*** Opening Records ***

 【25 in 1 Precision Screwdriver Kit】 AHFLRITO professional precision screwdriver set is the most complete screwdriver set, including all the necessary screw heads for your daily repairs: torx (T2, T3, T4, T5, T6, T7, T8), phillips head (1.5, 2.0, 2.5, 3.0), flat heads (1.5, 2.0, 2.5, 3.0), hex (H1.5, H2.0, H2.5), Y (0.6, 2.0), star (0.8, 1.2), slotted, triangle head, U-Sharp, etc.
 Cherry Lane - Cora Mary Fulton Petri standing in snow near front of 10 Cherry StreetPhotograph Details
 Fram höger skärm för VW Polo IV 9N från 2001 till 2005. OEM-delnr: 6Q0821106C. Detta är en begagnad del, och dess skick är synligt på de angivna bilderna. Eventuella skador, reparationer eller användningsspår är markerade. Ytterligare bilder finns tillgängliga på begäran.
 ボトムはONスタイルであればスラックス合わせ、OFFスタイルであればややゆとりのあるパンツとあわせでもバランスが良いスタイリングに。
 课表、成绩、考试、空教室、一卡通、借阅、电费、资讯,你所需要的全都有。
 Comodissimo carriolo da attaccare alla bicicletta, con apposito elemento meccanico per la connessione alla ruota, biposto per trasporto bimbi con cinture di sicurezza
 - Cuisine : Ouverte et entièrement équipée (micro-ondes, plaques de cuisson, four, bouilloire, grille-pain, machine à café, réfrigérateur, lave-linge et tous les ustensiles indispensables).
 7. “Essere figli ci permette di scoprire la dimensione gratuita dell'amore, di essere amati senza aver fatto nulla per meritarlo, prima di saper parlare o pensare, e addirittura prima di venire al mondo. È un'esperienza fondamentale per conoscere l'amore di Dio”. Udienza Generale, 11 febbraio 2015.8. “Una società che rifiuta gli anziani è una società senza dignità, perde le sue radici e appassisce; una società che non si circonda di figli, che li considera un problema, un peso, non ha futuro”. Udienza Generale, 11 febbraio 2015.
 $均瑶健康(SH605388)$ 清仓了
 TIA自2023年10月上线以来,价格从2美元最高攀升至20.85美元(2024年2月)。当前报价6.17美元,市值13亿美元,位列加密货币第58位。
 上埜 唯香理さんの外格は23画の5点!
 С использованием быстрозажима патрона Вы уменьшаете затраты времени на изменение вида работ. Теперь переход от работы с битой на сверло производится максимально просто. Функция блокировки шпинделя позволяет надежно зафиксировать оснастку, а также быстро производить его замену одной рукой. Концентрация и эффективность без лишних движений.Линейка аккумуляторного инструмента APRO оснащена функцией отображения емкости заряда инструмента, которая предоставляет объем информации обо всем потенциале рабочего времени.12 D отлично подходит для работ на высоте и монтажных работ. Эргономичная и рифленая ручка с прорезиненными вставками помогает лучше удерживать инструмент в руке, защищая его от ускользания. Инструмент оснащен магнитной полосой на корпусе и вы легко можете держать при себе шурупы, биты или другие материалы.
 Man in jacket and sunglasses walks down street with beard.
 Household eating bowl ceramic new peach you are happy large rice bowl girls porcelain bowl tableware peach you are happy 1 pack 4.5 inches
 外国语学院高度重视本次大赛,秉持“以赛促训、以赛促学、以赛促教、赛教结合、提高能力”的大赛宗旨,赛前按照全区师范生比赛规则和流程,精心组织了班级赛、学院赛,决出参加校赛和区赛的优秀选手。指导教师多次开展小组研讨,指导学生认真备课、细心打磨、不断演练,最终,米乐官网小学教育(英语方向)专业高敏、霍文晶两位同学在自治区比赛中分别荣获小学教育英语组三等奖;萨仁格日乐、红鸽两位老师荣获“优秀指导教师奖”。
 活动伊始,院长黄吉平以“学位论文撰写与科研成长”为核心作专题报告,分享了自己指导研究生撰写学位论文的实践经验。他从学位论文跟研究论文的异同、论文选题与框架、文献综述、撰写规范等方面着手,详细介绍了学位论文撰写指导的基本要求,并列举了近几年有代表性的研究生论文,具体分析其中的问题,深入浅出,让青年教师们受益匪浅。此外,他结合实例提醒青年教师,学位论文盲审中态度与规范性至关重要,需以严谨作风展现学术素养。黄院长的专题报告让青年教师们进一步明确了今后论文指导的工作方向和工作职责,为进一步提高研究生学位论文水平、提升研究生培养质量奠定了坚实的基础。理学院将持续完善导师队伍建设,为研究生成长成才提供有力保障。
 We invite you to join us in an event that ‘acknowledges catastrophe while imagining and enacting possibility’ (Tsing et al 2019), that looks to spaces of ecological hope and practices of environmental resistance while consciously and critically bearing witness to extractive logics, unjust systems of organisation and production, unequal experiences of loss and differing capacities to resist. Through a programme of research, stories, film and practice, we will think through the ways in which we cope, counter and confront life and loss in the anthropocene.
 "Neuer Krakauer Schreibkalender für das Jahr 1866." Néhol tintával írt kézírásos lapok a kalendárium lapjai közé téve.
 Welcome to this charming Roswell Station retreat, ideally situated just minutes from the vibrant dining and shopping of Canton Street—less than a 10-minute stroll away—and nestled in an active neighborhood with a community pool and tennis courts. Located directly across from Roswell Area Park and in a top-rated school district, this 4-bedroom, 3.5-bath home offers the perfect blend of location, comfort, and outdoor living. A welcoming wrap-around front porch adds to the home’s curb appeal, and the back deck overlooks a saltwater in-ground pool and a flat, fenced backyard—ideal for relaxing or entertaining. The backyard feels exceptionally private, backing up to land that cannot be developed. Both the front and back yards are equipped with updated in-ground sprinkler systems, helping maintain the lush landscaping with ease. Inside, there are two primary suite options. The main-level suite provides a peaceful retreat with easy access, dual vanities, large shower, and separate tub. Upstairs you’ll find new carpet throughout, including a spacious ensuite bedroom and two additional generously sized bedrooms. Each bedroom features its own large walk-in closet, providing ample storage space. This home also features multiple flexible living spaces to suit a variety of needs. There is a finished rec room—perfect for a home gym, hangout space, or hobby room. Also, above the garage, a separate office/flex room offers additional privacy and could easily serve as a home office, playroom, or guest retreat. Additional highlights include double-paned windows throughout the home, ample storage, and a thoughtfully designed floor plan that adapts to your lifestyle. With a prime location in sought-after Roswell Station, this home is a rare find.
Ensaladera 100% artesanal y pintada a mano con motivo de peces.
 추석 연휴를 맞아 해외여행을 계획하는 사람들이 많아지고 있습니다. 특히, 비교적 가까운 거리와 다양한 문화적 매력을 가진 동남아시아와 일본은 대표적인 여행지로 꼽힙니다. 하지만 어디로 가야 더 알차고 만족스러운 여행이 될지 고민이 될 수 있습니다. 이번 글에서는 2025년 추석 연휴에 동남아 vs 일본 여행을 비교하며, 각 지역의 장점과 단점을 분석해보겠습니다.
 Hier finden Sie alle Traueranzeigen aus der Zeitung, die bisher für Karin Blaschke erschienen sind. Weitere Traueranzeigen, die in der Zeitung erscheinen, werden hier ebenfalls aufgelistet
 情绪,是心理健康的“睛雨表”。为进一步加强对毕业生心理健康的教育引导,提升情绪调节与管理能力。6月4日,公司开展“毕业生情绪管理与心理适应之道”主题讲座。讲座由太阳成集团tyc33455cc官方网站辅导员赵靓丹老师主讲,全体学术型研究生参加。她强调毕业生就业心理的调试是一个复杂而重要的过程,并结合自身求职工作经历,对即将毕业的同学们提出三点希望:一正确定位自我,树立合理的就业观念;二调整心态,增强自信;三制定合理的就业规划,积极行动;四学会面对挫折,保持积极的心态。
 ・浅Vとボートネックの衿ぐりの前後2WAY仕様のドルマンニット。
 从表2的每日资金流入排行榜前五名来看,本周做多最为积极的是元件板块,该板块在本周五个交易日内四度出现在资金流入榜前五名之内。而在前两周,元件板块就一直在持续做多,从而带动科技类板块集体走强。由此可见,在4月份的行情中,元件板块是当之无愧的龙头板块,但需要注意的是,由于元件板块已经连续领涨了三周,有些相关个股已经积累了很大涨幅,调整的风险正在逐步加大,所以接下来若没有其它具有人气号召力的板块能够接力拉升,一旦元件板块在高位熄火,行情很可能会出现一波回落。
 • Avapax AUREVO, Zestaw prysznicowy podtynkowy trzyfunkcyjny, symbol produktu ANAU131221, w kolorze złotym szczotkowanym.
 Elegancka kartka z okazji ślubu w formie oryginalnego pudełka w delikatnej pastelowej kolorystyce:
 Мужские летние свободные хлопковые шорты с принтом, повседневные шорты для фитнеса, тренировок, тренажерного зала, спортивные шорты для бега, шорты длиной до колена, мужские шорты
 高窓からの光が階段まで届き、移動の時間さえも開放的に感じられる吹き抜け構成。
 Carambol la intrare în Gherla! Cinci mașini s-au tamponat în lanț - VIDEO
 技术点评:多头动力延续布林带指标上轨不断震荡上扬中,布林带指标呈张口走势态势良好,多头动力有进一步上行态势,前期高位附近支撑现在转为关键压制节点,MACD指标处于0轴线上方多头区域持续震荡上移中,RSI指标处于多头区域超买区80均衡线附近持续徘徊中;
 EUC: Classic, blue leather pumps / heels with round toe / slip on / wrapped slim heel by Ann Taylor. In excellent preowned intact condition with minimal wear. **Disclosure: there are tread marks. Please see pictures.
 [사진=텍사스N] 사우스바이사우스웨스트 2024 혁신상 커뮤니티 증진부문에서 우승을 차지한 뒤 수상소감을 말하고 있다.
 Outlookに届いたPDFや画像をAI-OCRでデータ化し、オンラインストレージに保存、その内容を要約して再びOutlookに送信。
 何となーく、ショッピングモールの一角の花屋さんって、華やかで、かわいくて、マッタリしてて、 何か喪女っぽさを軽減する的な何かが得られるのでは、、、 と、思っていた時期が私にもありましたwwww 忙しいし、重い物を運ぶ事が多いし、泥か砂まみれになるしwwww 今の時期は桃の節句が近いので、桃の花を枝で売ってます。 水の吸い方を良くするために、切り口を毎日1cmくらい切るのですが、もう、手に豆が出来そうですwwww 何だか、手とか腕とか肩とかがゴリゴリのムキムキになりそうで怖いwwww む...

*** Closing Records ***

◆ Prompt:
Print the first line of the records above and each line after it, exactly, through the line with "课表、成绩、考试、空教室、一卡通、借阅、电费、资讯,你所需要的全都有。".

◆ Answer area:
 【25 in 1 Precision Screwdriver Kit】 AHFLRITO professional precision screwdriver set is the most complete screwdriver set, including all the necessary screw heads for your daily repairs: torx (T2, T3, T4, T5, T6, T7, T8), phillips head (1.5, 2.0, 2.5, 3.0), flat heads (1.5, 2.0, 2.5, 3.0), hex (H1.5, H2.0, H2.5), Y (0.6, 2.0), star (0.8, 1.2), slotted, triangle head, U-Sharp, etc.
 Cherry Lane - Cora Mary Fulton Petri standing in snow near front of 10 Cherry StreetPhotograph Details
 Fram höger skärm för VW Polo IV 9N från 2001 till 2005. OEM-delnr: 6Q0821106C. Detta är en begagnad del, och dess skick är synligt på de angivna bilderna. Eventuella skador, reparationer eller användningsspår är markerade. Ytterligare bilder finns tillgängliga på begäran.
 ボトムはONスタイルであればスラックス合わせ、OFFスタイルであればややゆとりのあるパンツとあわせでもバランスが良いスタイリングに。
 课表、成绩、考试、空教室、一卡通、借阅、电费、资讯,你所需要的全都有。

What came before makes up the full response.